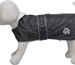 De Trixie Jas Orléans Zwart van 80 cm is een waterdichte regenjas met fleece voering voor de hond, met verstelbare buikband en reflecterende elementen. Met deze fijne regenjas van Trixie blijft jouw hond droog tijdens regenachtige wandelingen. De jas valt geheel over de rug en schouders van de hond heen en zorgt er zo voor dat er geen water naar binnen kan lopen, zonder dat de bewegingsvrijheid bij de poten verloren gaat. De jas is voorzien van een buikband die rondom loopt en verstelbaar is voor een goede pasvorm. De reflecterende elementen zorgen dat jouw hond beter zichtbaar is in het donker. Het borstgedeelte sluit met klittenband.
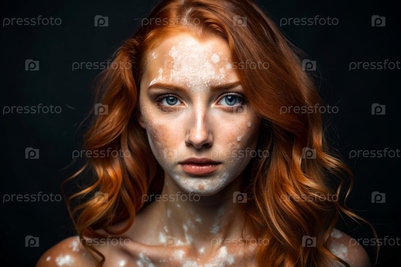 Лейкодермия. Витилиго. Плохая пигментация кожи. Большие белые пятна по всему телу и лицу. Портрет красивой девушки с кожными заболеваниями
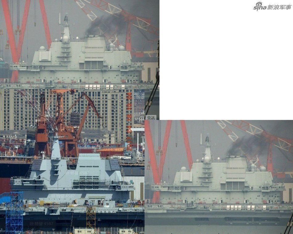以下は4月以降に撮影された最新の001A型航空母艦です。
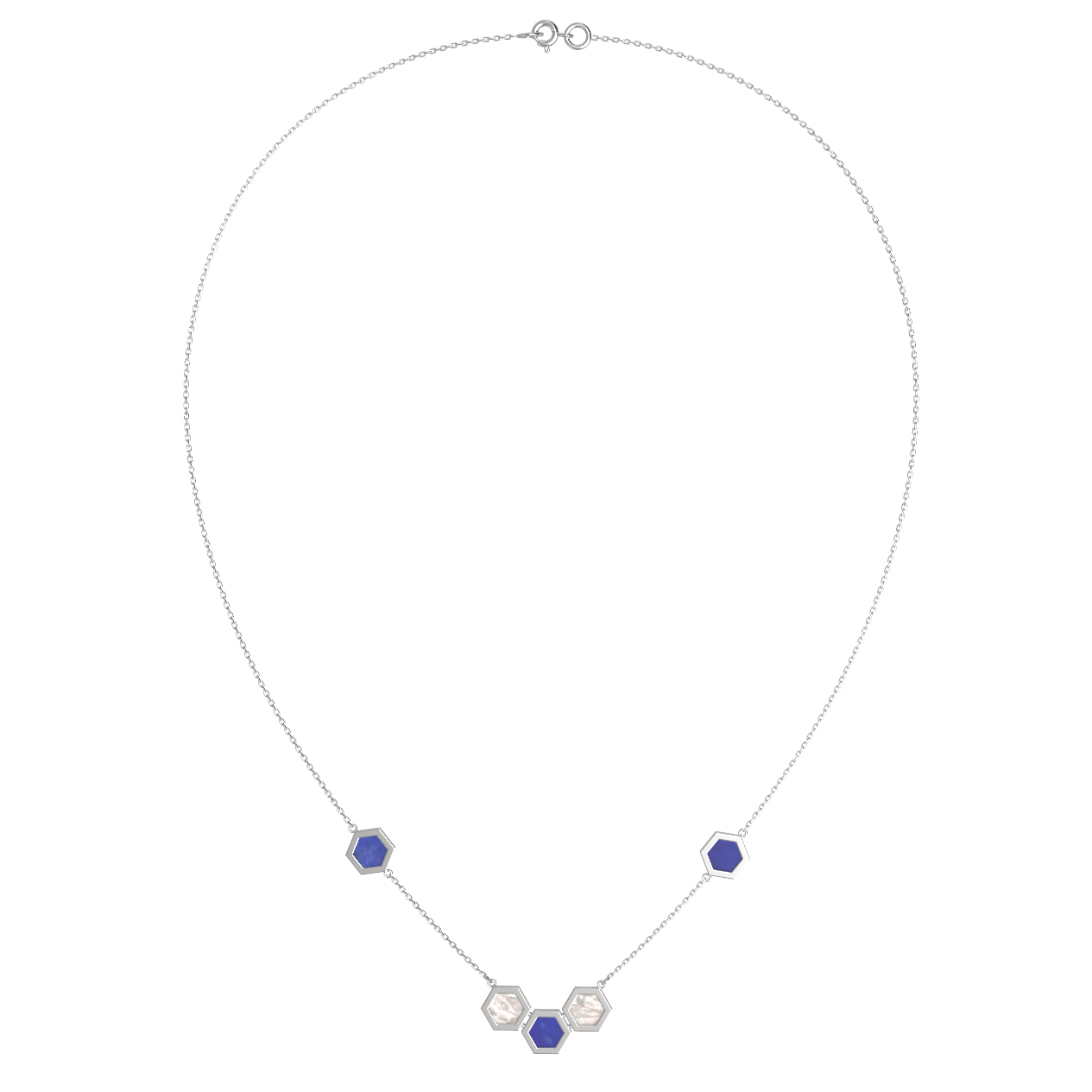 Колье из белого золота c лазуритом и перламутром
---+---
# What you need to do:
All that is needed is an exact copy of the lines from the line with "Лейкодермия. Витилиго. Плохая" through the end of the listing, both ends included, with no pictures.

# Response to the task:
 Лейкодермия. Витилиго. Плохая пигментация кожи. Большие белые пятна по всему телу и лицу. Портрет красивой девушки с кожными заболеваниями
以下は4月以降に撮影された最新の001A型航空母艦です。
 Колье из белого золота c лазуритом и перламутром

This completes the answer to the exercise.